Penso que sempre foi uma consequência do roteiro. Eu tomei a película como um grande drama. Foi também a consequência de colocar a cena do banheiro no início do filme. Isso, creio que predispõe a todos os espectadores a não querer voltar a passar por isso. Também sempre tentei que nas atuações exista o maior realismo possível. Nos diálogos e nas reações dos personagens. Mas sempre foi claro para mim: o tom dramático do filme iria fazer que o humor brotasse naturalmente sem forçá-lo. A veracidade das situações iam dar a credibilidade ao terror e a cena do banheiro no começo ia predispor o espectador para toda a película.
[FG] Sua primeira película (The Last Gateway) é sobre um homem que tem um portal para o inferno no estômago. É algo muito criativo. Você poderia falar um pouco como foi o processo de criação dessa película?
(Risos) Tenho uma hérnia no estômago. Isso sempre gerou muita acidez estomacal quando era jovem. Entendo que ali nasceu a ideia. The Last Gateway foi minha primeira película, eu tinha somente 25 anos e me sinto muito orgulhoso de fazer uma película desse estilo em meu país. Era um momento onde quase nada era feito no gênero de terror e sobretudo, com a ambição que tinha nessa película. Haviam efeitos especiais o tempo todo, todos os dias. A maioria dos atores nunca haviam feito nada do gênero e desconfiavam todo o tempo do que eu estava fazendo. Jamais esquecerei que o monstro no final da película, quando comecei a fazer a primeira tomada com ele, o ator que estava vestido de monstro desmaiou e começou a ter convulsões. Tiveram que arrancar o traje em pedaços e levá-los ao hospital. Então terminei essa película com restos de monstro. Eu queria morrer, mas não tínhamos outra maneira, nem dinheiro para voltar a fazer o monstro. Foi uma loucura. Quem nos deu o dinheiro pediu que fosse em inglês para poder vender no exterior, porque na Argentina era impossível vendê-la, então tivemos que fazer um casting de atores argentinos que falassem bem inglês. Isso foi duríssimo. E creio que foi a falha da película. Um grande erro que custou que ninguém reconheça a minha primeira película como ela merecia no meu ponto de vista e isso gerou minha primeira grande frustração com o cinema.

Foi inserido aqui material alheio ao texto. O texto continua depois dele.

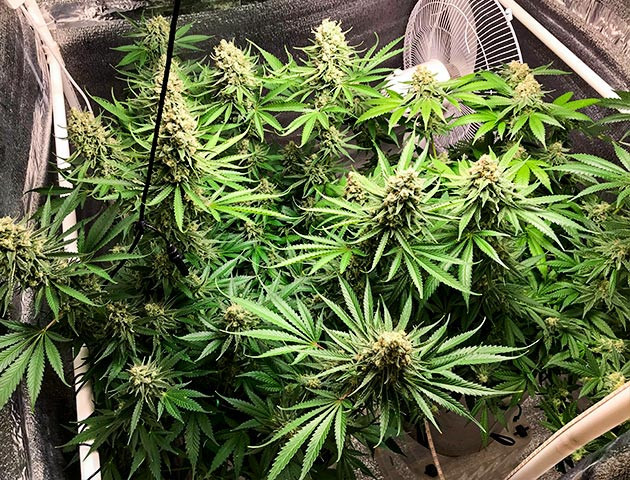 Были и топпинг, и дефолиация, и скрог, и растения прекрасно на все реагировали, развиваясь шикарно. Стойкие и крепкие, можно сказать, что проблем особо не было. Разве что только на веге пара кустиков как-то отставали, особенно один был маленьким. Однако все выровнялось и уже буквально к 6-7 неделям мой бокс с гидроустановкой на 4 посадочных места стал напоминать джунгли. Очень энергичный сорт в плане развития и отклика на все мои манипуляции, и предсказуемый, что немаловажно. Зацвел быстро, уже спустя неделю после перевода в режим 12/12.

[FG] Como você vê o cinema de terror na Argentina? O que você gosta mais nas películas de terror argentino?
Vejo que cresceu muito em quantidade e isso faz que cresça também em qualidade. Por sorte, tivemos aqui 24 anos sem estrear nos cinemas uma película de terror nacional. De 2008 até agora estrearam muitíssimas. Foram dez anos de crescimento e creio que agora podemos começar a dizer que há produtos que se consolidam. Acho que o público costuma não assistir ao cinema argentino porque está acostumado a assistir a filmes de entretenimento de Hollywood, mas acho que chegou a hora de dar a eles mais uma opção. Há muitos preconceitos em nosso próprio público também com o nosso próprio cinema, o que dá muita raiva e faz que você fique muito exposto ao fazer o gênero, porque a exigência é muito alta. O que eu mais gosto no cinema de terror na Argentina? Que ele exista. E isso é o suficiente para mim agora. Foram muitos anos de luta para que o instituto apoiasse esses conteúdos e também gosto que ele seja diverso. Isso sim.